The other risk which I don't think the market has quite digested is the worsening US-China relations. Now, as you know, property demand and luxury property demand, in particular, don't just come from the domestic populace alone. There is often a significant contingent of international Asian investors that are quite instrumental in driving demand and propping up luxury home prices. In fact, the Chairman of TOL had previously acknowledged that Chinese buyers tend to have a predilection for owning property in California - in the belts of Orange County and Southern California. It is believed that c.22% of homes sold in California are sold to foreign investors. Even before the health pandemic, one has already seen the Chinese government curb international investments, and the recent tussle between the two countries may likely temper appetite from this class of foreign investors.
Spike in lumber prices
Subscribers of the Lead-Lag report will note the importance I attach to lumber prices as a risk-on/risk-off indicator by virtue of its role in house building. Regardless of its risk measuring qualities, there's no doubt that it will likely burn a hole in TOL's pockets, as prices have doubled since April, and the commodity is now incidentally the top-performing raw material in 2020. TOL's gross margins in the current and next quarter could be affected by this.

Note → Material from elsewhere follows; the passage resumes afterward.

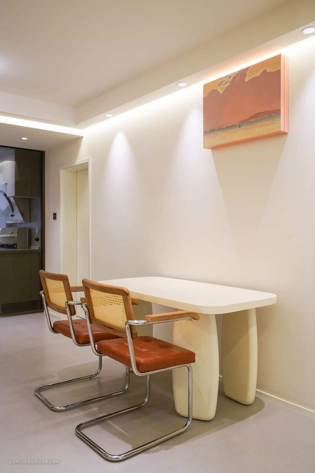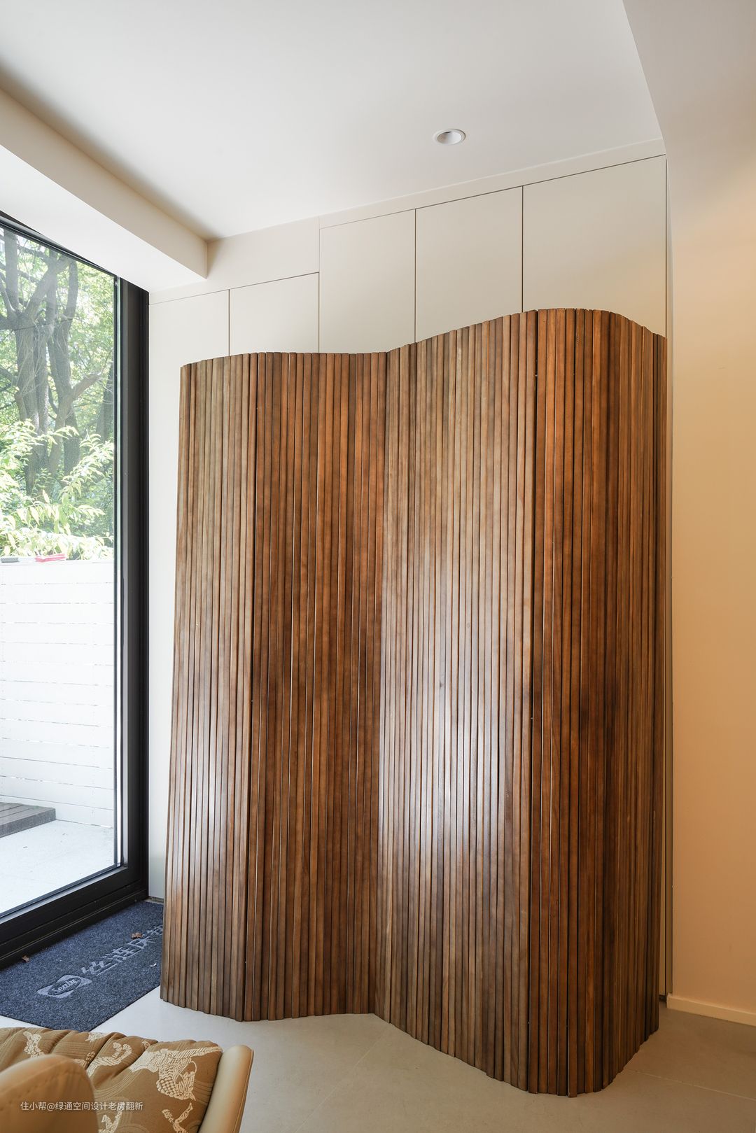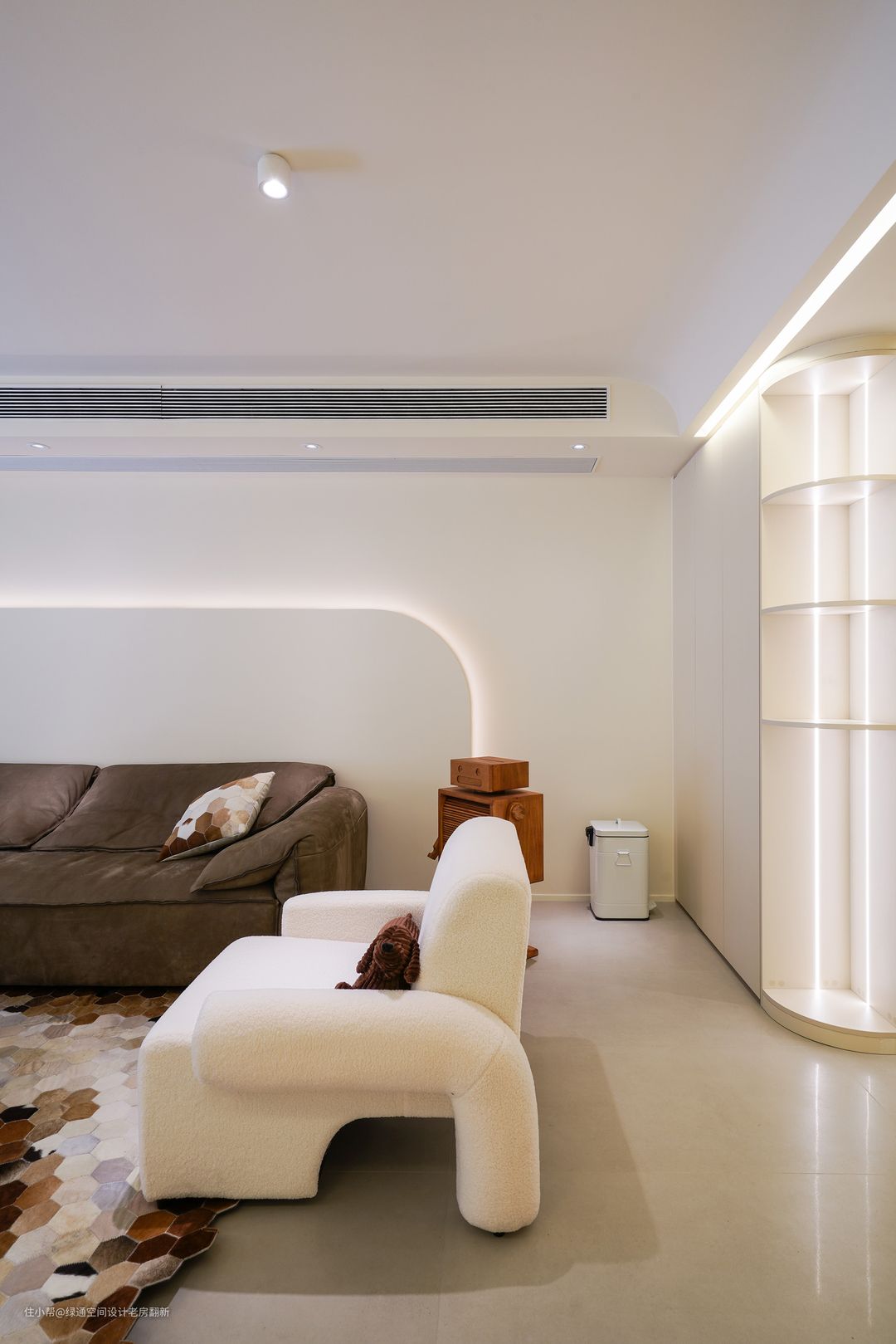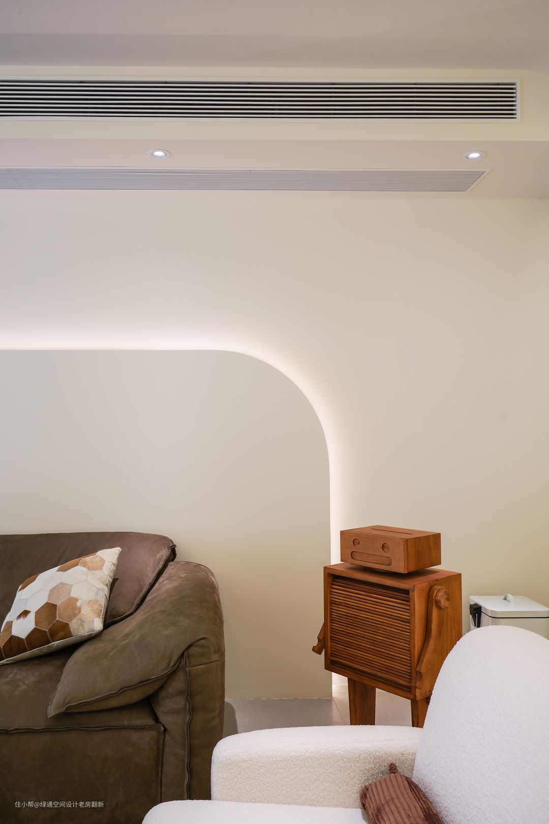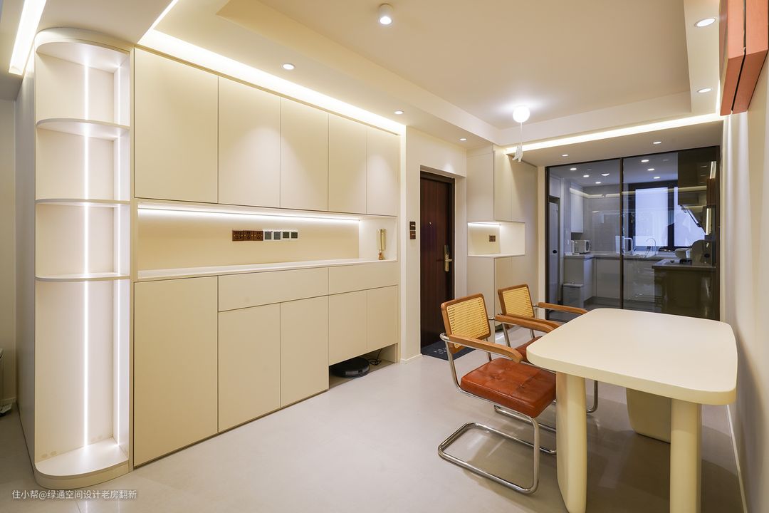 餐厅和客厅墙面有一处直角墙面,感觉和整体风格氛围不搭, 利用餐边柜和客厅装饰柜组合直角部分用弧形隔断柜既可以规避直角的弊端,又可增加装饰性。

Jumbo mortgages will likely slow
It's worth noting that a lot of these luxury houses get financed via jumbo mortgages (provided to wealthy borrowers). For banks, the risks associated with jumbo mortgages (>$510,400) are sizable, as it cannot be sold to Fannie Mae or Freddie Mac, and these loans are often kept on banks' books, rather than sold in the secondary market. The banks attempt to mitigate the high risk by asking for a higher down payment. Crucially, these jumbo mortgages don't receive any forbearance benefit under the CARES Act whereby homeowners can request for 12 months of postponed mortgage payments. Under the current circumstances, I believe that banks will look to curb enthusiasm for this product. During the previous housing crisis in 2009, delinquency rates on jumbos had tripled and by February 2010, one in ten jumbos were 'seriously delinquent (arrears of >60 days). Attempts to put off buyers are being reflected in the 30-year jumbo mortgage rate which is currently c.40bps more than the average rate on normal conforming mortgages (source: Bankrate). This is in contrast to the conditions that were prevalent from 2015 until early Q2 this year when rates on jumbos were lower than or equal to conforming mortgages (which are backed by Fannie Mae and Freddie Mac). The reason I bring this up is that about 25% of TOL's houses are financed via jumbo mortgages, and we may see some slowdown here.
Summing up
The US housing market, and luxury housing market, in particular, is showing solid form, and TOL should continue to benefit from this with low mortgage rates and supply-side issues. The company finished last quarter on a strong note, and that momentum has carried on. The stock too is on a good run, outperforming its peer group over the last three months, and recently crossed the 200DMA, but it has now come to a congestion zone and is not too far away from some crucial resistance points. Investors should also consider potential challenges related to the California market (30% exposure for TOL), steep lumber prices, and a likely dip in jumbo mortgages (25% exposure for TOL). I'm neutral with a slight bullish bias.